C:\users\Shivam Panchal\Desktop\bags of popcorn\Datasets


In [5]:
train = pd.read_csv('labeledTrainData.tsv', header = 0, delimiter="\t", quoting =3)

test = pd.read_csv('testData.tsv', header = 0, delimiter="\t", quoting =3)

** Get the labels from our training dataset, to teach our classifier**

In [6]:
y_train = train['sentiment']

**Now we need to clean both the train and test data to get it ready for the next part of our program.**

In [7]:
from nltk.corpus import stopwords # Import the stop word list

num_reviews = train["review"].size
print("Cleaning and parsing the training set movie reviews...\n")
clean_train_reviews = []
for i in xrange( 0, num_reviews ):
    # If the index is evenly divisible by 1000, print a message
    if( (i+1)%1000 == 0 ):
        print("Review %d of %d" % ( i+1, num_reviews ))                                                                 
    clean_train_reviews.append( review_to_words( train["review"][i] ))

Cleaning and parsing the training set movie reviews...





 BeautifulSoup([your markup])

to this:

 BeautifulSoup([your markup], "lxml")

  markup_type=markup_type))


Review 1000 of 25000
Review 2000 of 25000
Review 3000 of 25000
Review 4000 of 25000
Review 5000 of 25000
Review 6000 of 25000
Review 7000 of 25000
Review 8000 of 25000
Review 9000 of 25000
Review 10000 of 25000
Review 11000 of 25000
Review 12000 of 25000
Review 13000 of 25000
Review 14000 of 25000
Review 15000 of 25000
Review 16000 of 25000
Review 17000 of 25000
Review 18000 of 25000
Review 19000 of 25000
Review 20000 of 25000
Review 21000 of 25000
Review 22000 of 25000
Review 23000 of 25000
Review 24000 of 25000
Review 25000 of 25000


In [8]:
len(clean_train_reviews)

25000

# TF-IDF Vectorization

**The next thing we are going to do is make TF-IDF (term frequency-interdocument frequency) vectors of our reviews. In case you are not familiar with what this is doing, essentially we are going to evaluate how often a certain term occurs in a review, but normalize this somewhat by how many reviews a certain term also occurs in.**

'''This can be a great technique for helping to determine which words (or ngrams of words) will make good features to classify a review as positive or negative.

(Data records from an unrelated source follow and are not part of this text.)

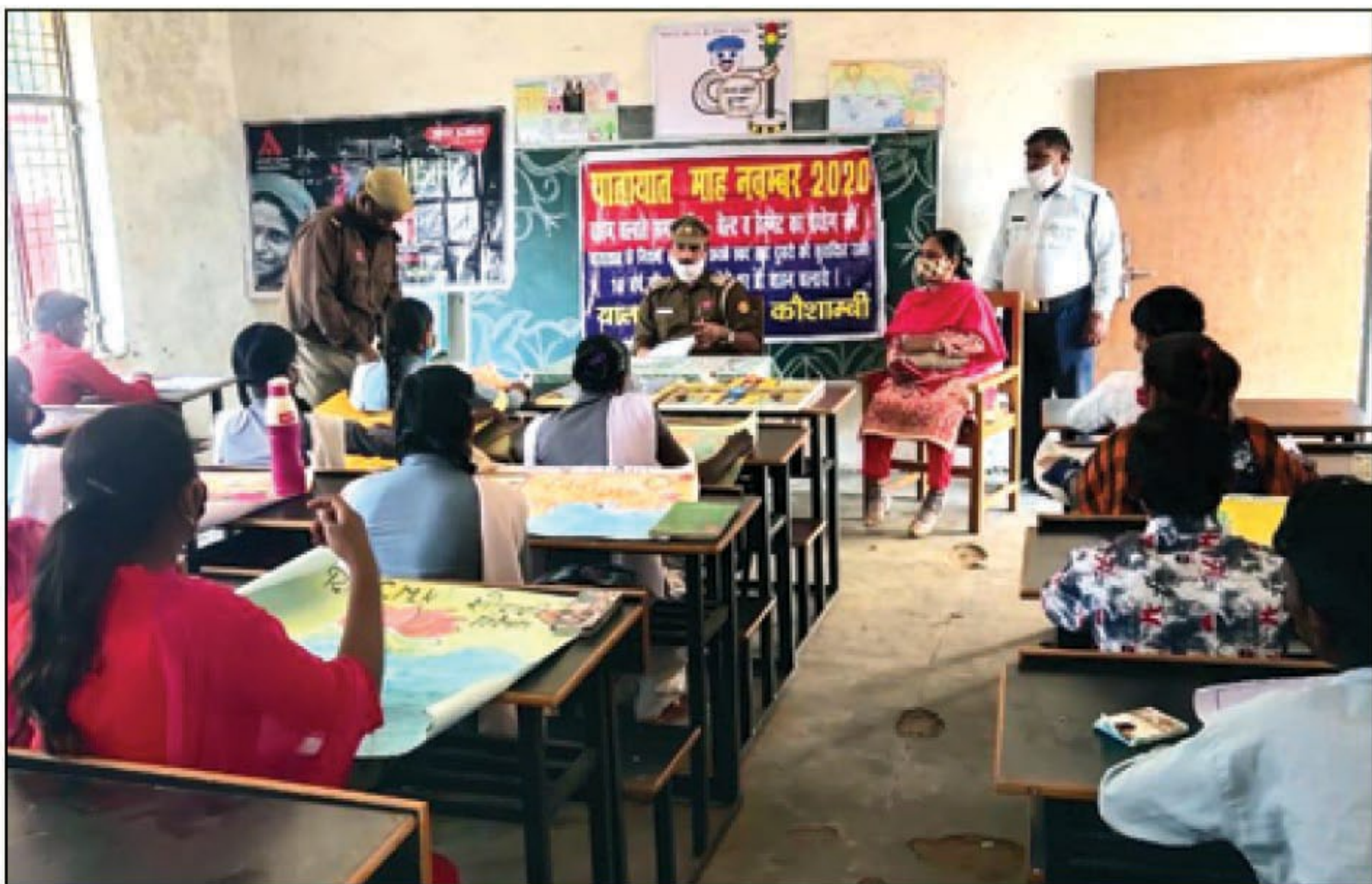
यातायात विषय पर चित्रकला से जागरूक करते।

मंझनपुर में प्राइवेट वाहन विक्रम अप्पे प्राइवेट बस चालक बेलगाम, सड़कों पर लोगों का चलना दुश्वार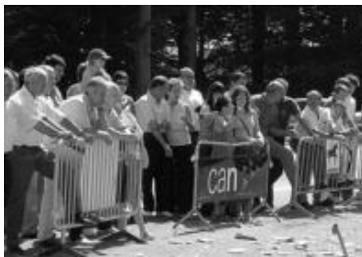
Jende asko bertaratu zen Kaxeta ingurura, festa girora: auzotarrak ez ezik herritik, noski, eta baita kanpotik ere etortzen da. M. SOROA

Aurten zozketako saridunak ere gustura gelditzeko moduan izan ziren. «La Perlan saio osoa, otorduak, San Fermin Torneoko finalerako txartelak, eta herriko laguntzaileek emandako hainbat opari» zozketatu baitzituzten. «Oso ongi atera zen dena», zioten.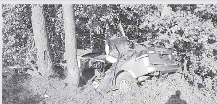
Autoavarija rugsėjo 21 d. prie Perlojos, kur žuvo 18-metis druskininkietis

Nacionalinio maisto ir veterinarijos rizikos vertinimo institutas įvertino riziką naminiams paukščiams užsikrėsti Europoje plintančiu didelio patogeniškumo paukščių gripu. Mokslininkų manymu, šios ligos rizika Lietuvai kol kas nėra didelė, – pavasarinės paukščių migracijos metu nebuvo užregistruotas nė vienas atvejis.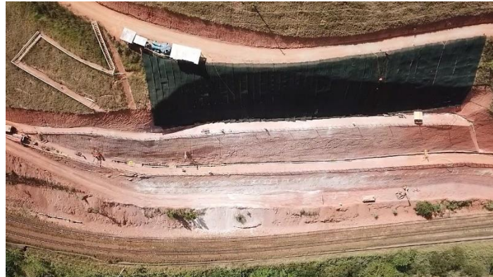
Figura 6. Execução pelo método descendente

Por fim, foi aplicada a hidrossemeadura com mix de sementes por cima do sistema de MacMat R1 através do caminhão tanque utilizado na aplicação da hidrossemeadura.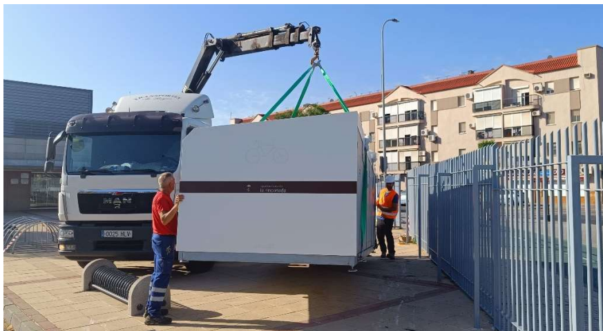
9. INSTALACIÓN DEL MÓDULO JUNTO A LA PISCINA CUBIETA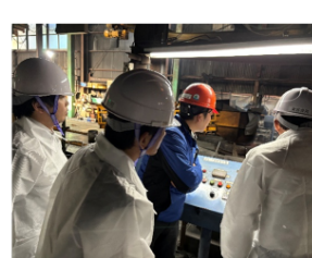
先進企業視察の様子

提案した内容の中から、以下の取組を支援 ②-1 月次定例会議の開催（経営情報の共有と行動方針の検討）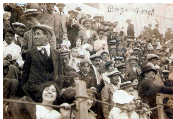
>> Fotografia del públic assistent a una cursa de braus a Figueres, a començament del segle passat.

fer pensar en un altre motiu almenys per al primer d'aquests desplaçaments. Durant les Fires de la Santa Creu, de la primera setmana de maig, s'havia organitzat una exposició d'olis i pastels de Ramon Pichot al saló del cine Edison. Podríem pensar que el nom de Pichot, que tres anys abans havia convidat Picasso a passar una temporada a Cadaqués, havia d'interessar al pintor malagueny, així com la temàtica de les obres, inspirades en Cadaqués i temes com la Corrida de toros . Però la relació entre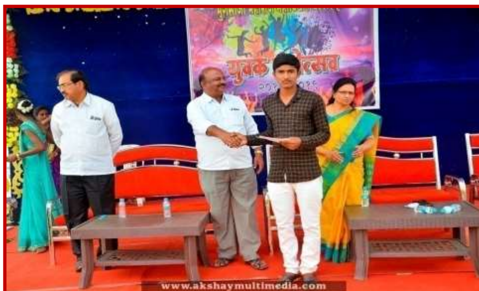
Prize Distribution to participant

To do this, we are going to use the TFIDF vectorizer from scikit-learn. Then, decide what settings to use.'''

In [9]:
# Read the test data
test = pd.read_csv("testData.tsv", header=0, delimiter="\t", \
                   quoting=3 )
# Verify that there are 25,000 rows and 2 columns
print(test.shape)
# Create an empty list and append the clean reviews one by one
num_reviews = len(test["review"])
clean_test_reviews = [] 

print("Cleaning and parsing the test set movie reviews...")
for i in xrange(0,num_reviews):
    if( (i+1) % 5000 == 0 ):
        print("Review %d of %d" % (i+1, num_reviews))
    clean_review = review_to_words( test["review"][i] )
    clean_test_reviews.append( clean_review )

(25000, 2)
Cleaning and parsing the test set movie reviews...
Review 5000 of 25000
Review 10000 of 25000
Review 15000 of 25000
Review 20000 of 25000
Review 25000 of 25000


In [11]:
from sklearn.feature_extraction.text import TfidfVectorizer as TFIDFV

In [12]:
tfv = TFIDFV(min_df=3, max_features=None,
            strip_accents='unicode', analyzer='word', 
            token_pattern=r'\w{1,}', stop_words= 'english')

**Now that we have the vectorization object, we need to run this on all of the data (both training and testing) to make sure it is applied to both datasets. This could take some time on your computer!**

In [17]:
X_all = clean_train_reviews + clean_test_reviews # Combine both to fit the TFIDF vectorization.

tfv.fit(X_all) # This is the slow part!
X_all = tfv.transform(X_all)

X = X_all[:25000] # Separate back into training and test sets. 
X_test = X_all[25000:]

# Making our Classifier

In [18]:
X.shape

(25000, 47038)

'''That means we have 25,000 training examples (or rows) and 47038 features (or columns). We need something that is going to be somewhat computationally efficient given how many features we have. Using something like a random forest to classify would be unwieldy (plus random forests can’t work with sparse matrices anyway yet in scikit-learn). That means we need something lightweight and fast that scales to many dimensions well. Some possible candidates are:

Naive Bayes
Logistic Regression
SGD Classifier (utilizes Stochastic Gradient Descent for much faster runtime)'''

**Let’s just try all three as submissions to Kaggle and see how they perform.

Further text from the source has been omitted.